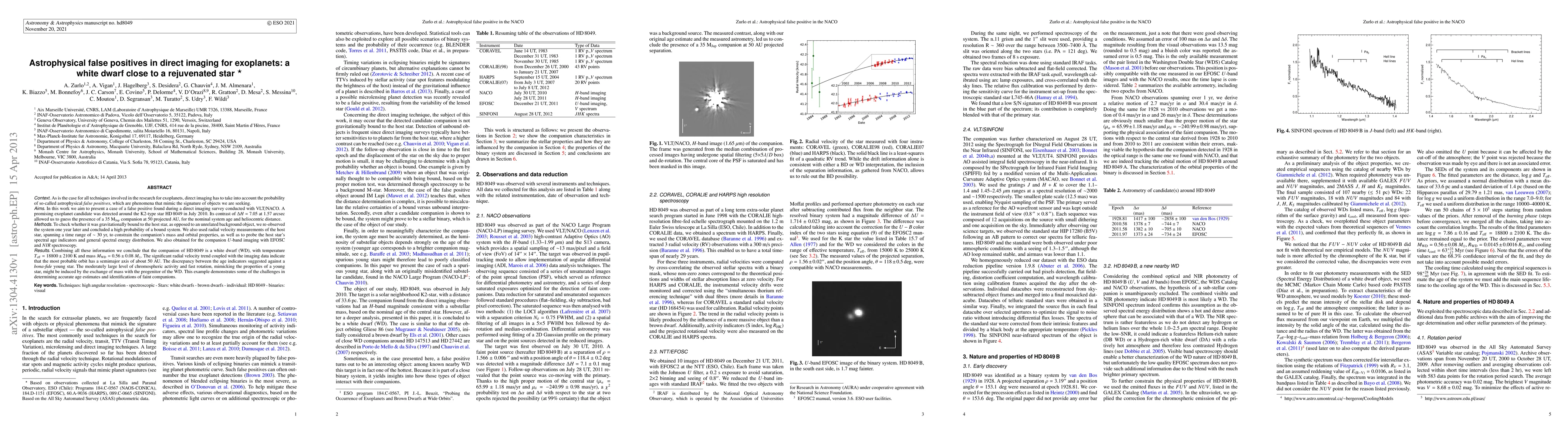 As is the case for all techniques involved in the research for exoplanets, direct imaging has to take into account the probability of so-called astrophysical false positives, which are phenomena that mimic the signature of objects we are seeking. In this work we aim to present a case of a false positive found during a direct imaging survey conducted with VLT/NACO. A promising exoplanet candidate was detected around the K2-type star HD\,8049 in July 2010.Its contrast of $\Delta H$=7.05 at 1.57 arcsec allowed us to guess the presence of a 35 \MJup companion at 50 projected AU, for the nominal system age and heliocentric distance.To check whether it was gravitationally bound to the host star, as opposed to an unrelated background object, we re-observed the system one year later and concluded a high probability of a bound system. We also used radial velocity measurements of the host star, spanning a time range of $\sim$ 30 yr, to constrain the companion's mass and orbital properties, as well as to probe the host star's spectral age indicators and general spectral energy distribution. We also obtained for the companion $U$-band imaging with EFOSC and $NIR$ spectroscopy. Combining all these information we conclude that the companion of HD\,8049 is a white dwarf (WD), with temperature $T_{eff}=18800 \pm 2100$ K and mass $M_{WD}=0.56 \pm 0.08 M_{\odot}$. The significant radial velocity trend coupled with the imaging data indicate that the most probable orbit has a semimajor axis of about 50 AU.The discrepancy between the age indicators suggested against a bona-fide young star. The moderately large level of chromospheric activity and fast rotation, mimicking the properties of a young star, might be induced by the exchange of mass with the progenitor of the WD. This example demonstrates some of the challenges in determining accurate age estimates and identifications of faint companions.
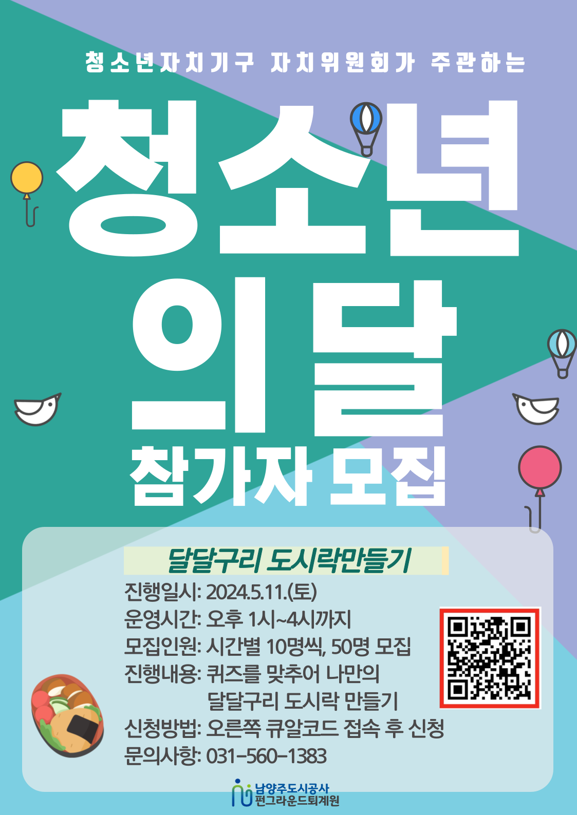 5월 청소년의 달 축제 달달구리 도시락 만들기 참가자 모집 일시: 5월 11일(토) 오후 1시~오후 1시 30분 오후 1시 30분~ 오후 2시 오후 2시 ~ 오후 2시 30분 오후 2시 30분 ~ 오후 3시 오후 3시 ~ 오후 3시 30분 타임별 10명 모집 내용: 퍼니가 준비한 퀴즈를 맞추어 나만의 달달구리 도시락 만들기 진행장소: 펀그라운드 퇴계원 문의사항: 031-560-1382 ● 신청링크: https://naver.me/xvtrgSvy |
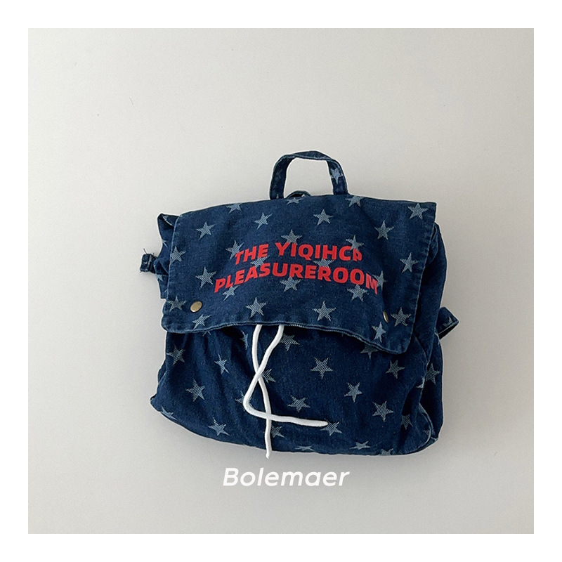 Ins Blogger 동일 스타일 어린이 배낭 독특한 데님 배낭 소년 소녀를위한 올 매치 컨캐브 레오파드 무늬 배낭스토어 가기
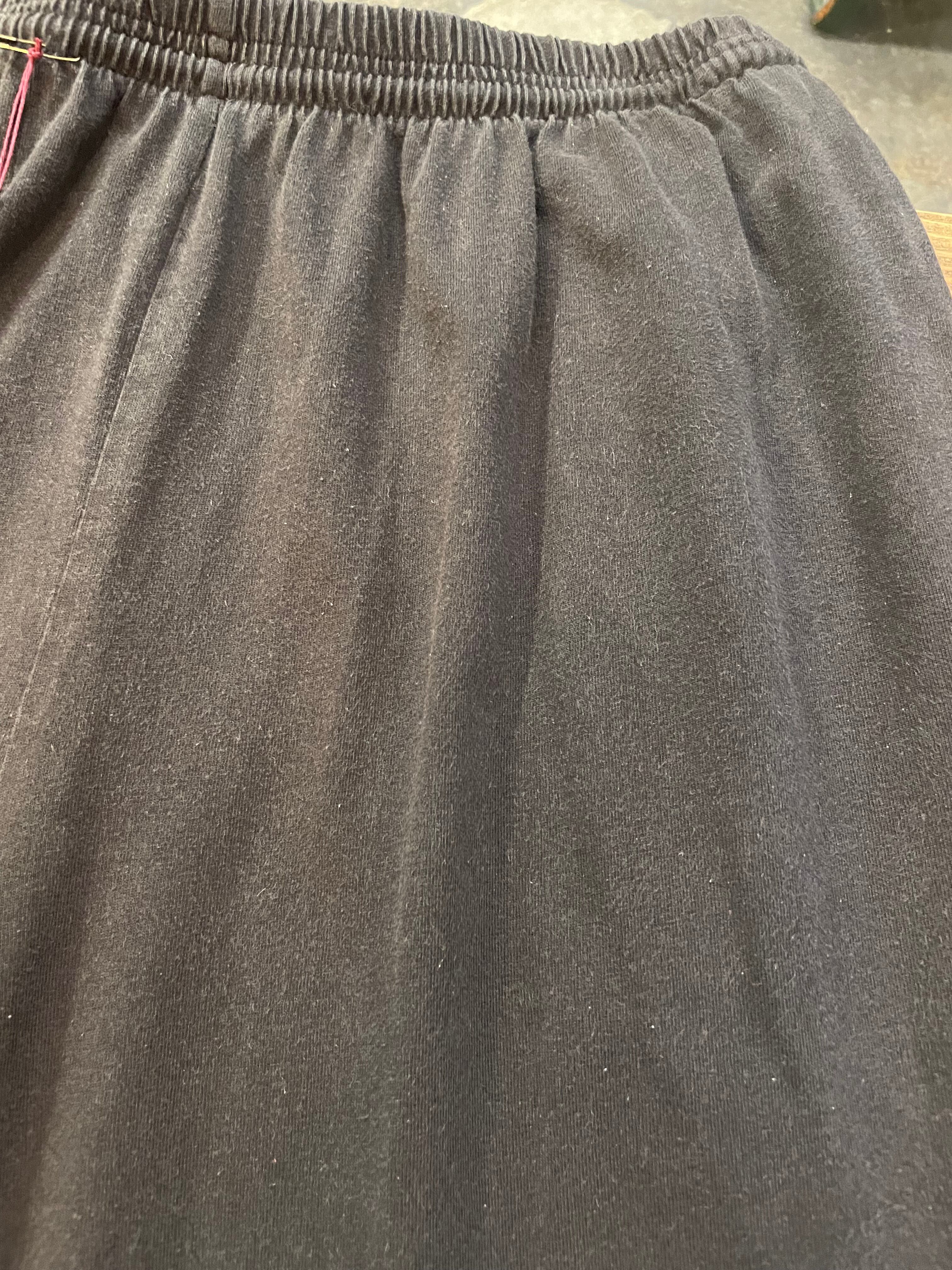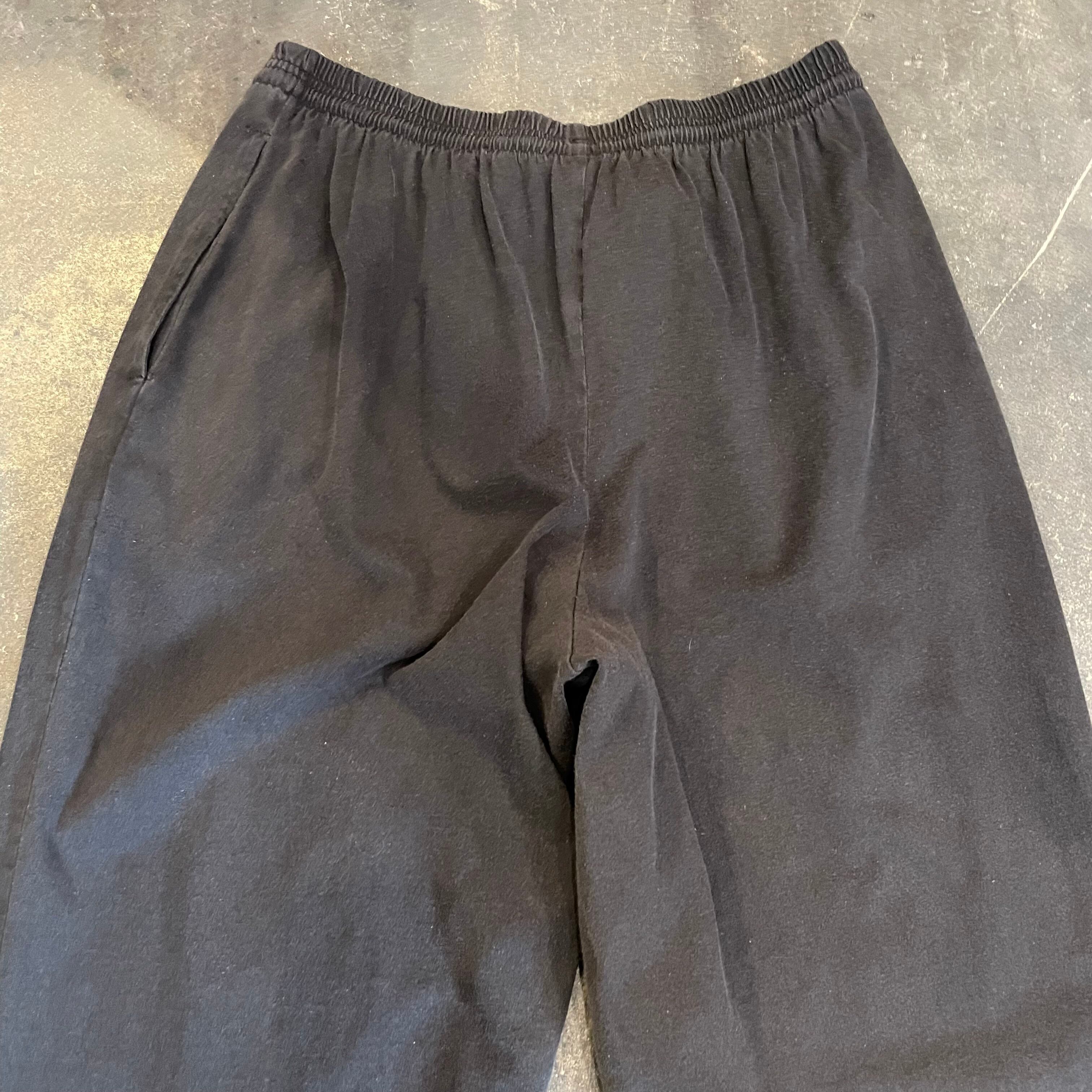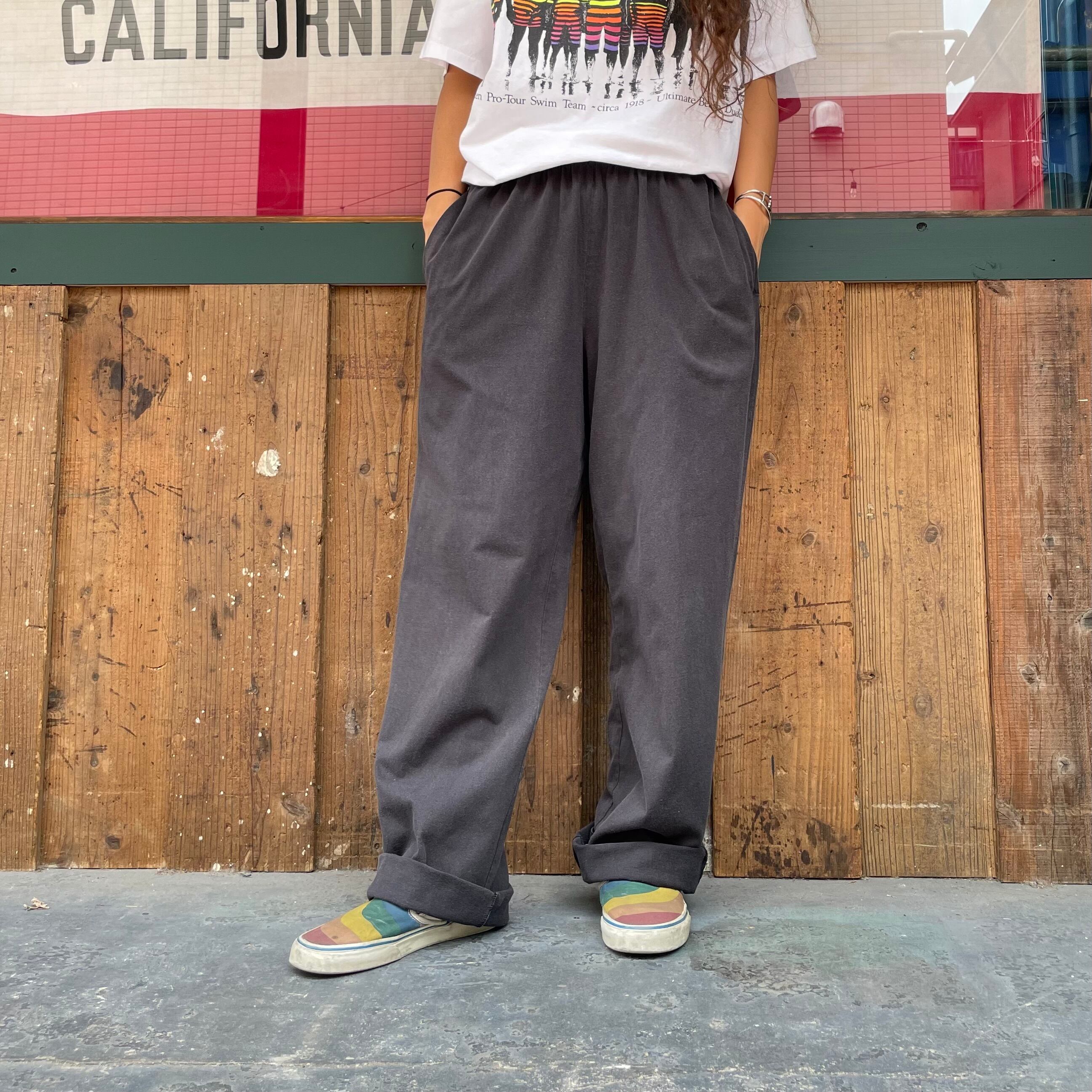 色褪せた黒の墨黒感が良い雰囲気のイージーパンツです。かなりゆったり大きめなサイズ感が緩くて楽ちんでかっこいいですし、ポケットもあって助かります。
========
What you need to do
Give back all of the material exactly, though without the images it contains.

Answer section
 As is the case for all techniques involved in the research for exoplanets, direct imaging has to take into account the probability of so-called astrophysical false positives, which are phenomena that mimic the signature of objects we are seeking. In this work we aim to present a case of a false positive found during a direct imaging survey conducted with VLT/NACO. A promising exoplanet candidate was detected around the K2-type star HD\,8049 in July 2010.Its contrast of $\Delta H$=7.05 at 1.57 arcsec allowed us to guess the presence of a 35 \MJup companion at 50 projected AU, for the nominal system age and heliocentric distance.To check whether it was gravitationally bound to the host star, as opposed to an unrelated background object, we re-observed the system one year later and concluded a high probability of a bound system. We also used radial velocity measurements of the host star, spanning a time range of $\sim$ 30 yr, to constrain the companion's mass and orbital properties, as well as to probe the host star's spectral age indicators and general spectral energy distribution. We also obtained for the companion $U$-band imaging with EFOSC and $NIR$ spectroscopy. Combining all these information we conclude that the companion of HD\,8049 is a white dwarf (WD), with temperature $T_{eff}=18800 \pm 2100$ K and mass $M_{WD}=0.56 \pm 0.08 M_{\odot}$. The significant radial velocity trend coupled with the imaging data indicate that the most probable orbit has a semimajor axis of about 50 AU.The discrepancy between the age indicators suggested against a bona-fide young star. The moderately large level of chromospheric activity and fast rotation, mimicking the properties of a young star, might be induced by the exchange of mass with the progenitor of the WD. This example demonstrates some of the challenges in determining accurate age estimates and identifications of faint companions.
 5월 청소년의 달 축제 달달구리 도시락 만들기 참가자 모집 일시: 5월 11일(토) 오후 1시~오후 1시 30분 오후 1시 30분~ 오후 2시 오후 2시 ~ 오후 2시 30분 오후 2시 30분 ~ 오후 3시 오후 3시 ~ 오후 3시 30분 타임별 10명 모집 내용: 퍼니가 준비한 퀴즈를 맞추어 나만의 달달구리 도시락 만들기 진행장소: 펀그라운드 퇴계원 문의사항: 031-560-1382 ● 신청링크: https://naver.me/xvtrgSvy |
 Ins Blogger 동일 스타일 어린이 배낭 독특한 데님 배낭 소년 소녀를위한 올 매치 컨캐브 레오파드 무늬 배낭스토어 가기
 色褪せた黒の墨黒感が良い雰囲気のイージーパンツです。かなりゆったり大きめなサイズ感が緩くて楽ちんでかっこいいですし、ポケットもあって助かります。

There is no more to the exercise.